## EXERCISE
Beginning with the line that contains "Réduisez vos coûts" and ending with the line that contains "Сегодня, в виде", reproduce the lines of the entries below exactly, omitting pictures.

## GIVEN RECORDS
****************
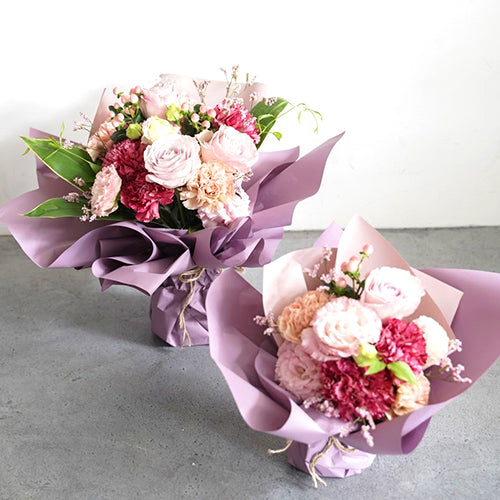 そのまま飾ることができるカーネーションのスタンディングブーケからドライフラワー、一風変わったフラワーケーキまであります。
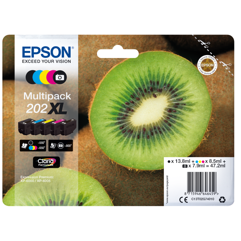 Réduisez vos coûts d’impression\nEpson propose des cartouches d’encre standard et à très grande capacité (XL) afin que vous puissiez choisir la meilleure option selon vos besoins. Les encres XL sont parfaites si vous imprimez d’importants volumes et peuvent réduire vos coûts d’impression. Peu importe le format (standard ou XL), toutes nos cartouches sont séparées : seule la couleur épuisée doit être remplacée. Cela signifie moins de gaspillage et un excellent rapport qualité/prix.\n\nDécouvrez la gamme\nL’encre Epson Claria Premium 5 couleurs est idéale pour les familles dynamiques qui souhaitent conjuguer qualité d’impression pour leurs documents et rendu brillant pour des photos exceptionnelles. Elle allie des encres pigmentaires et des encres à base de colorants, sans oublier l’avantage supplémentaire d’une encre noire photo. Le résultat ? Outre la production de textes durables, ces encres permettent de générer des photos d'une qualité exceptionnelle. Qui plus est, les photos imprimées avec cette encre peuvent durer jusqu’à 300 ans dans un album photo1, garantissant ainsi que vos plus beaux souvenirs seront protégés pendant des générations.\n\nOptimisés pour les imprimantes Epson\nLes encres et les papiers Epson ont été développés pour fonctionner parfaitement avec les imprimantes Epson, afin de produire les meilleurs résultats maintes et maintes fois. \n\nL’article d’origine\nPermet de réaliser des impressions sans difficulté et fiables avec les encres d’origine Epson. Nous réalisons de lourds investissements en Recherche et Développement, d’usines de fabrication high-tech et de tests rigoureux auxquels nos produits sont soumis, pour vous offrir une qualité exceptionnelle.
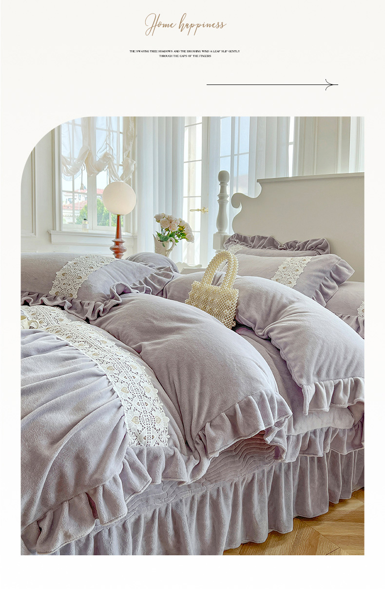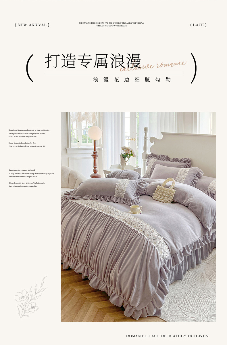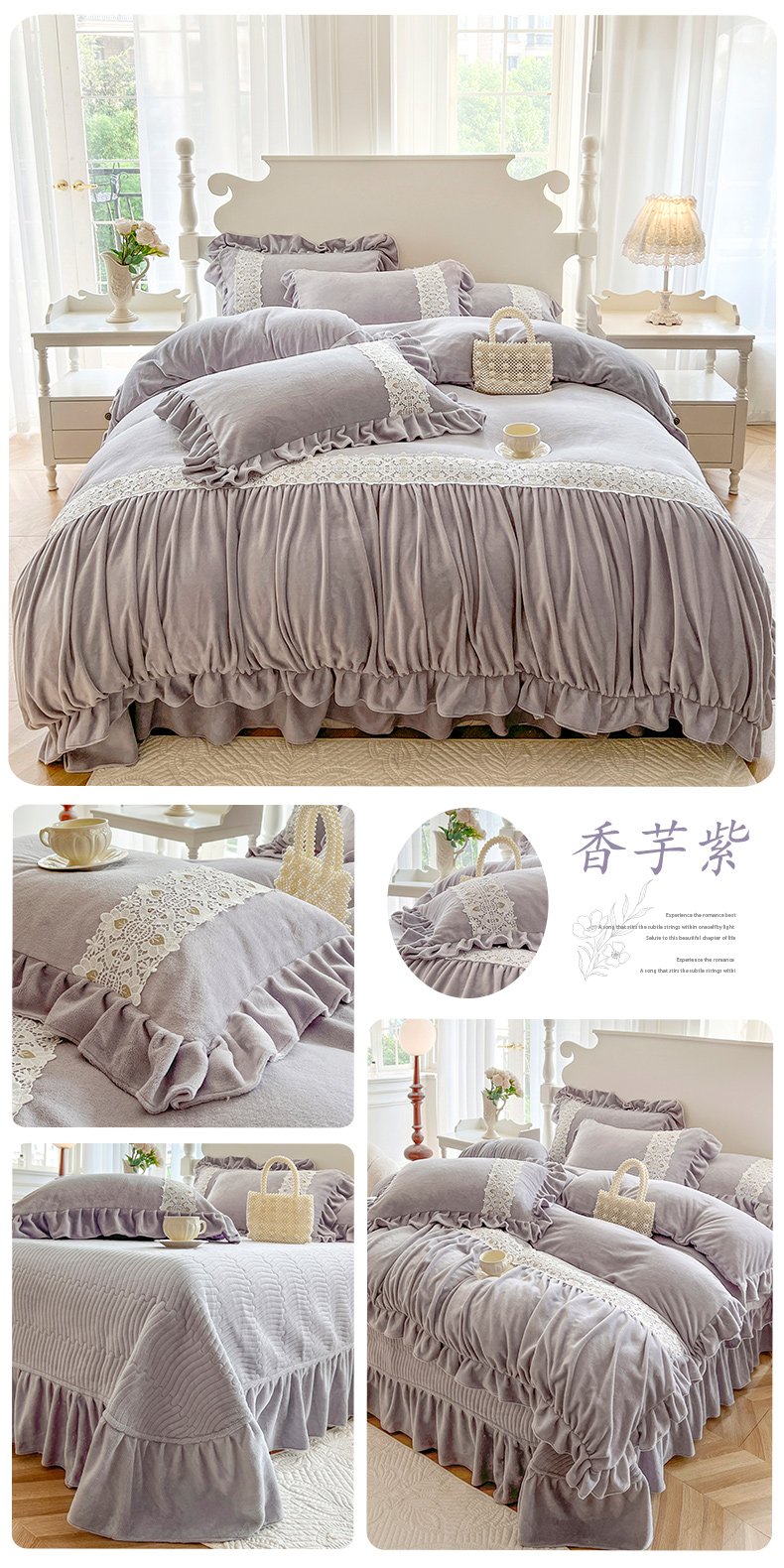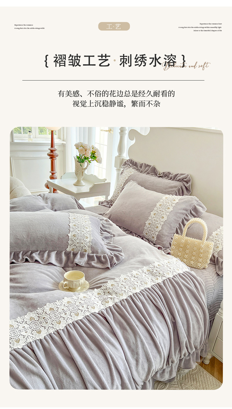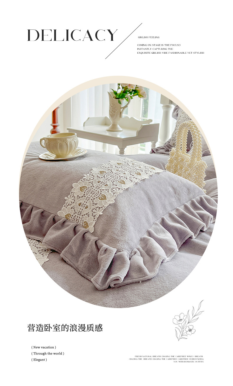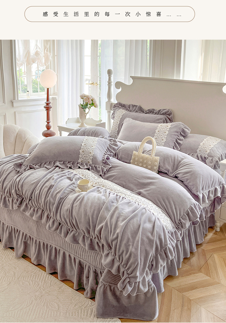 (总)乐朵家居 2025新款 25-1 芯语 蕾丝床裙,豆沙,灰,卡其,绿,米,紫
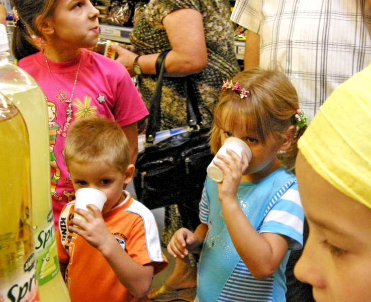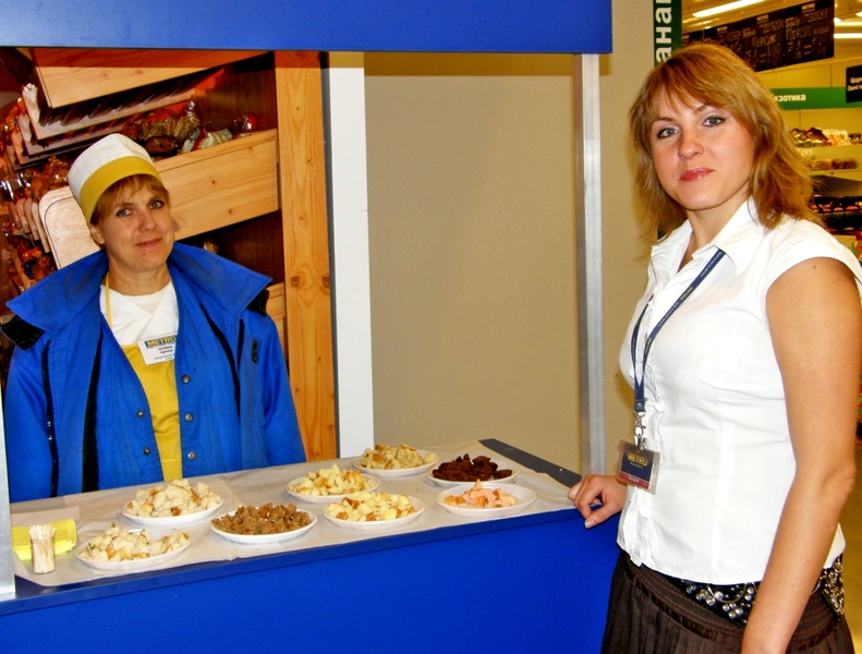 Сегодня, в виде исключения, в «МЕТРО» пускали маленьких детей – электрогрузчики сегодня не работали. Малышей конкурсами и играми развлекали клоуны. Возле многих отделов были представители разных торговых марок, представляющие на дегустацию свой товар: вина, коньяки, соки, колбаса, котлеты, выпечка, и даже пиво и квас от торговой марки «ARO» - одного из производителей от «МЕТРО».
****************
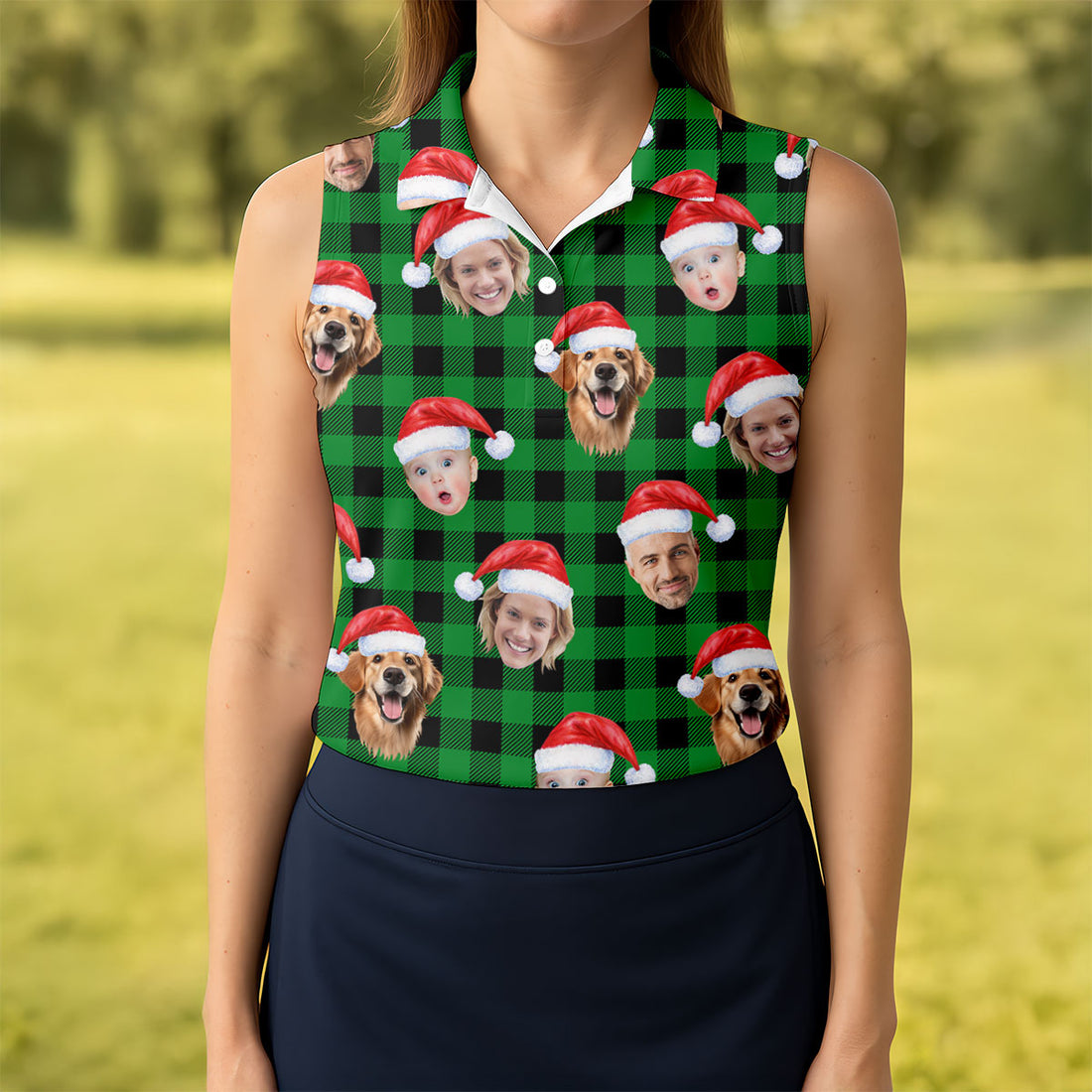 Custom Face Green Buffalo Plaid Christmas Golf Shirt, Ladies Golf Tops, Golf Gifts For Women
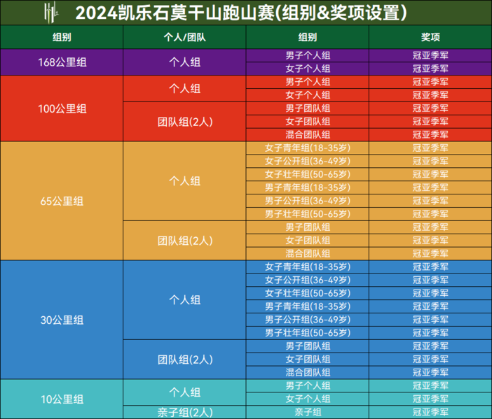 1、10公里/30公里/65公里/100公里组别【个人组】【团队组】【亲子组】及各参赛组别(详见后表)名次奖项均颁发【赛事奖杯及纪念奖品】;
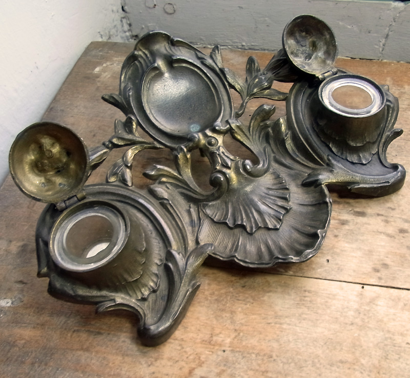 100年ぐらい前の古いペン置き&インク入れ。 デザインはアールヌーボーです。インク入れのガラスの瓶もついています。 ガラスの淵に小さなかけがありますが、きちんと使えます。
****************
## RESULT
 Réduisez vos coûts d’impression\nEpson propose des cartouches d’encre standard et à très grande capacité (XL) afin que vous puissiez choisir la meilleure option selon vos besoins. Les encres XL sont parfaites si vous imprimez d’importants volumes et peuvent réduire vos coûts d’impression. Peu importe le format (standard ou XL), toutes nos cartouches sont séparées : seule la couleur épuisée doit être remplacée. Cela signifie moins de gaspillage et un excellent rapport qualité/prix.\n\nDécouvrez la gamme\nL’encre Epson Claria Premium 5 couleurs est idéale pour les familles dynamiques qui souhaitent conjuguer qualité d’impression pour leurs documents et rendu brillant pour des photos exceptionnelles. Elle allie des encres pigmentaires et des encres à base de colorants, sans oublier l’avantage supplémentaire d’une encre noire photo. Le résultat ? Outre la production de textes durables, ces encres permettent de générer des photos d'une qualité exceptionnelle. Qui plus est, les photos imprimées avec cette encre peuvent durer jusqu’à 300 ans dans un album photo1, garantissant ainsi que vos plus beaux souvenirs seront protégés pendant des générations.\n\nOptimisés pour les imprimantes Epson\nLes encres et les papiers Epson ont été développés pour fonctionner parfaitement avec les imprimantes Epson, afin de produire les meilleurs résultats maintes et maintes fois. \n\nL’article d’origine\nPermet de réaliser des impressions sans difficulté et fiables avec les encres d’origine Epson. Nous réalisons de lourds investissements en Recherche et Développement, d’usines de fabrication high-tech et de tests rigoureux auxquels nos produits sont soumis, pour vous offrir une qualité exceptionnelle.
 (总)乐朵家居 2025新款 25-1 芯语 蕾丝床裙,豆沙,灰,卡其,绿,米,紫
 Сегодня, в виде исключения, в «МЕТРО» пускали маленьких детей – электрогрузчики сегодня не работали. Малышей конкурсами и играми развлекали клоуны. Возле многих отделов были представители разных торговых марок, представляющие на дегустацию свой товар: вина, коньяки, соки, колбаса, котлеты, выпечка, и даже пиво и квас от торговой марки «ARO» - одного из производителей от «МЕТРО».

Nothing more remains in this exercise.